ABOUT THIS TASK ▸ What are the lines below, starting at the line containing "自述:鼓号队训练,老师认真指导" and ending at the line containing "Pintura de diamante"? Write them out exactly, ends included, without pictures.

INFORMATION PROVIDED ▸
Start of Block

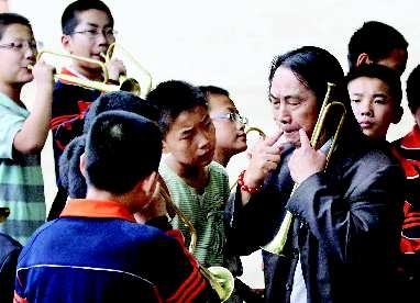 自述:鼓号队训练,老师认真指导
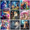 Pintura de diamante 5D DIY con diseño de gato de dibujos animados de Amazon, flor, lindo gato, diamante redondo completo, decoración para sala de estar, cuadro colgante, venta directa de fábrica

End of Block
Start of Block

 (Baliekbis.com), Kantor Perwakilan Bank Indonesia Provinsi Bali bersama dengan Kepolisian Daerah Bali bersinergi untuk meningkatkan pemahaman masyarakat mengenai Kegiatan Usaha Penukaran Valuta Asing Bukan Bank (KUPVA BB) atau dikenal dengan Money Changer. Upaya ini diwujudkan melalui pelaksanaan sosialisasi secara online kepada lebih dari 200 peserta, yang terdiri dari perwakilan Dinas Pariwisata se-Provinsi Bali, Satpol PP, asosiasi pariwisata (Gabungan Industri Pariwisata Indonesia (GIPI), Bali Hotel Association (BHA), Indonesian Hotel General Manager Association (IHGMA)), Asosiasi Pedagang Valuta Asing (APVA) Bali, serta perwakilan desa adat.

End of Block
Start of Block

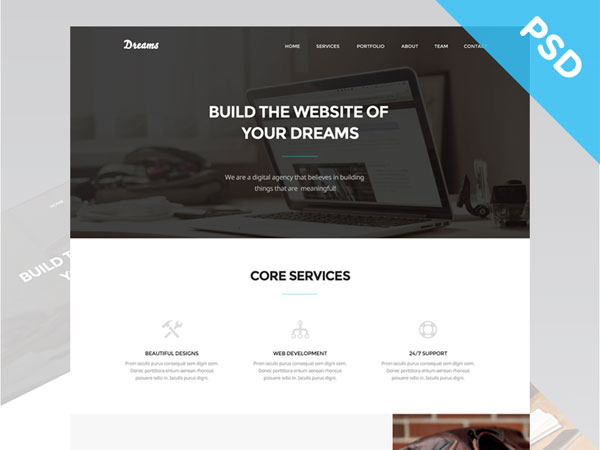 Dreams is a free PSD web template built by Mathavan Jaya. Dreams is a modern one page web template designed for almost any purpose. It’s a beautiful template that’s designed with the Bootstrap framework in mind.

End of Block

THE COMPLETED TASK ▸
 自述:鼓号队训练,老师认真指导
 Pintura de diamante 5D DIY con diseño de gato de dibujos animados de Amazon, flor, lindo gato, diamante redondo completo, decoración para sala de estar, cuadro colgante, venta directa de fábrica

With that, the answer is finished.